### [WHAT TO WORK ON]
Pictures in the data must not be copied, but everything else should be output exactly.

### [SOURCE MATERIAL]
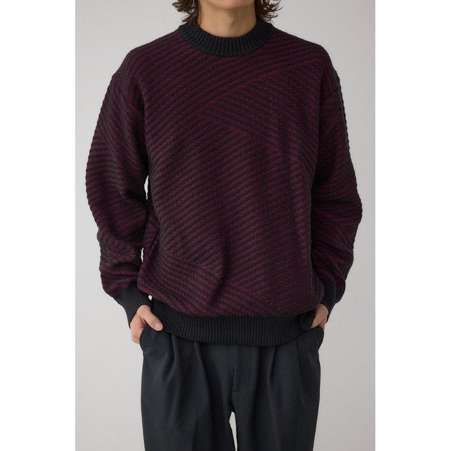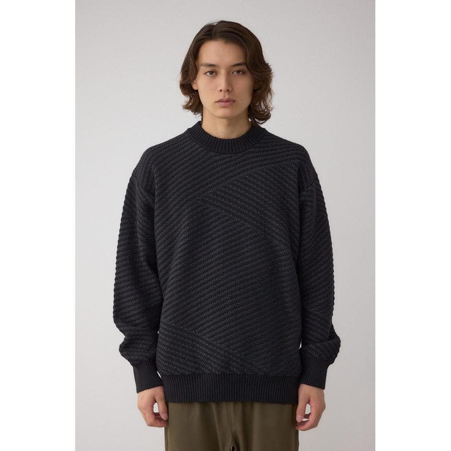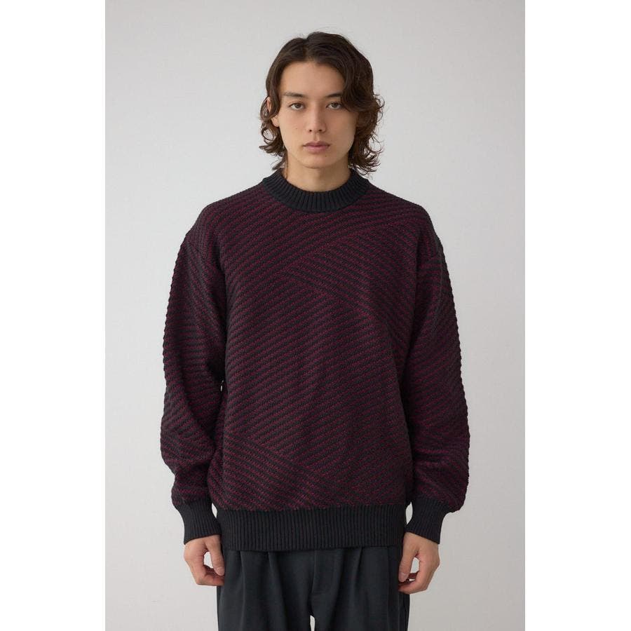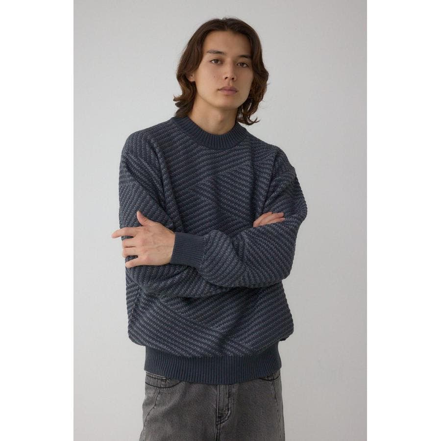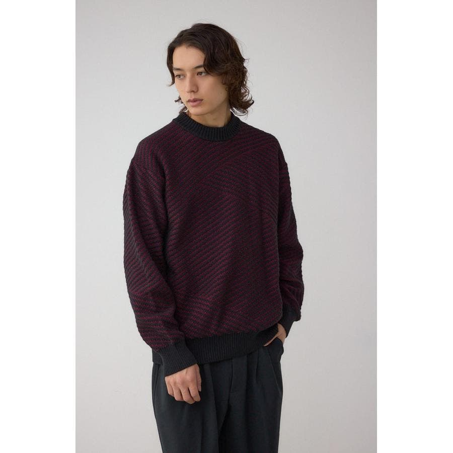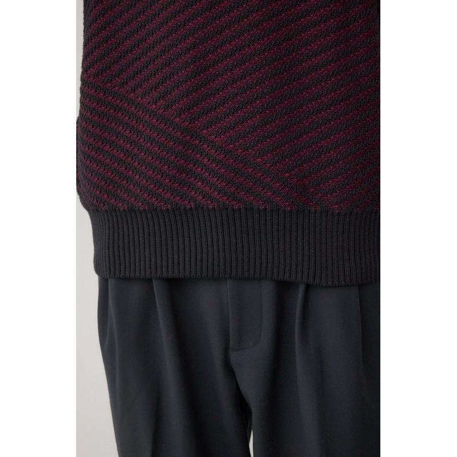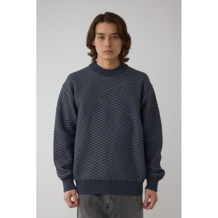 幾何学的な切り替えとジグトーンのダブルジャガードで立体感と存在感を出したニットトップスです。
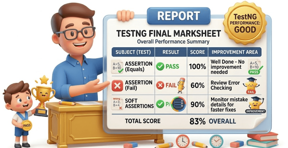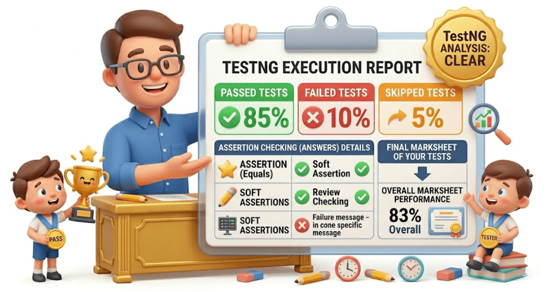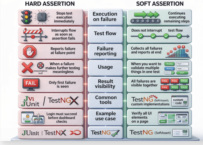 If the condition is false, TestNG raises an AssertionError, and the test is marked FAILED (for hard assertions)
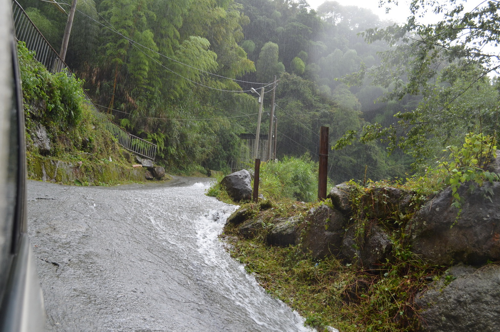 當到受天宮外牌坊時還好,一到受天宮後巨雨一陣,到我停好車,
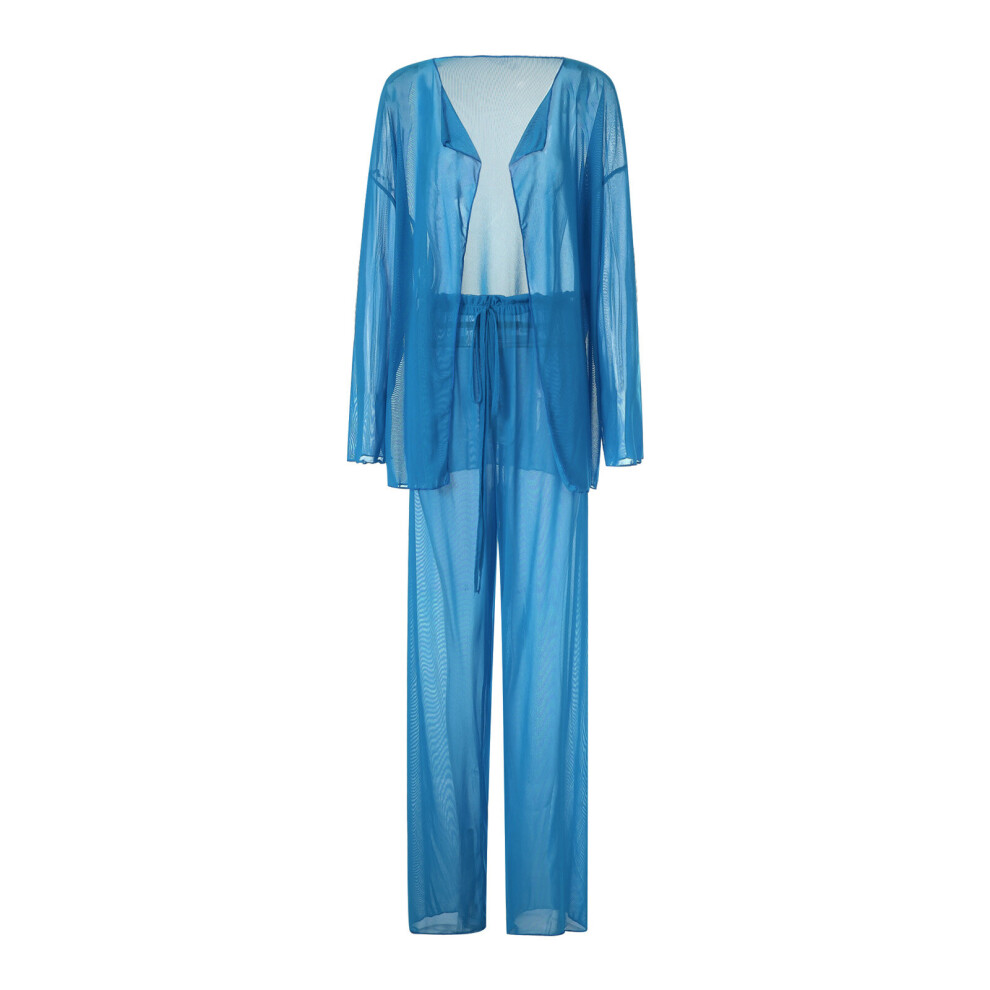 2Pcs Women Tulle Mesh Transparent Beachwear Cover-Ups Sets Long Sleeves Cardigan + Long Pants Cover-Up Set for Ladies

### [TASK RESPONSE]
 幾何学的な切り替えとジグトーンのダブルジャガードで立体感と存在感を出したニットトップスです。
 If the condition is false, TestNG raises an AssertionError, and the test is marked FAILED (for hard assertions)
 當到受天宮外牌坊時還好,一到受天宮後巨雨一陣,到我停好車,
 2Pcs Women Tulle Mesh Transparent Beachwear Cover-Ups Sets Long Sleeves Cardigan + Long Pants Cover-Up Set for Ladies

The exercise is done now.